OK that would suggest the issue has been introduced by 597e1c35:
(mm/mmu_gather: enable tlb flush range in generic mmu_gather) in 3.6
which is not 3.7 when Ben started seeing the issue but this definitely
smells like a bug that would be amplified by the bisected patch.

Thanks for pointing this out, Linus!

> and that doesn't seem to have been marked for stable
> (probably because the commit message makes everytbody reading it think
> it's limited to ARC).
>
> Ben, can you try back-porting that commit from mainline and see if
> that fixes things?
>
> Linus
>
> --
> To unsubscribe, send a message with 'unsubscribe linux-mm' in
> the body to [email protected]. For more info on Linux MM,
> see: http://www.linux-mm.org/ .
> Don't email: <a href=mailto:"[email protected]"> [email protected] </a>

--
Michal Hocko
SUSE Labs

2013-08-14 18:35:25

by Linus Torvalds

[permalink] [raw]

Subject: Re: [Bug] Reproducible data corruption on i5-3340M: Please revert 53a59fc67!
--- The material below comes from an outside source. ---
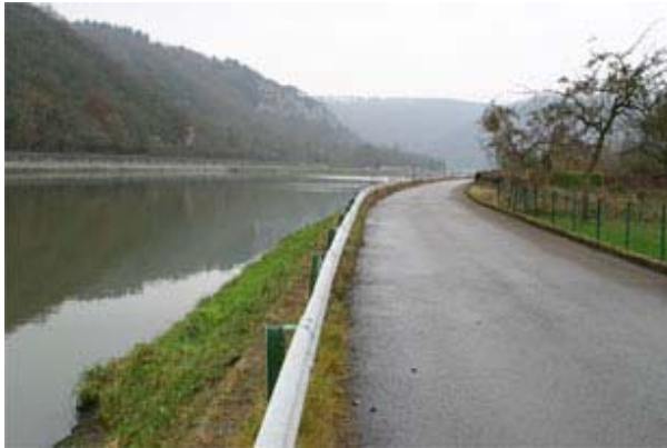
Figure 6 : Banquette en amont du barrage

être envisagé lors d'aménagements liés à la réalisation d'appartements en amont du barrage de Waulsort. Un parking est déjà présent au niveau de l'écluse de Waulsort.
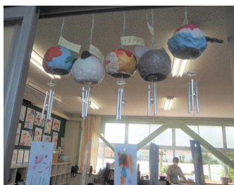
音色がとても涼やか（2年）

On Wed, Aug 14, 2013 at 11:28 AM, Michal Hocko <[email protected]> wrote:
>
> OK that would suggest the issue has been introduced by 597e1c35:
> (mm/mmu_gather: enable tlb flush range in generic mmu_gather) in 3.6
> which is not 3.7 when Ben started seeing the issue but this definitely
> smells like a bug that would be amplified by the bisected patch.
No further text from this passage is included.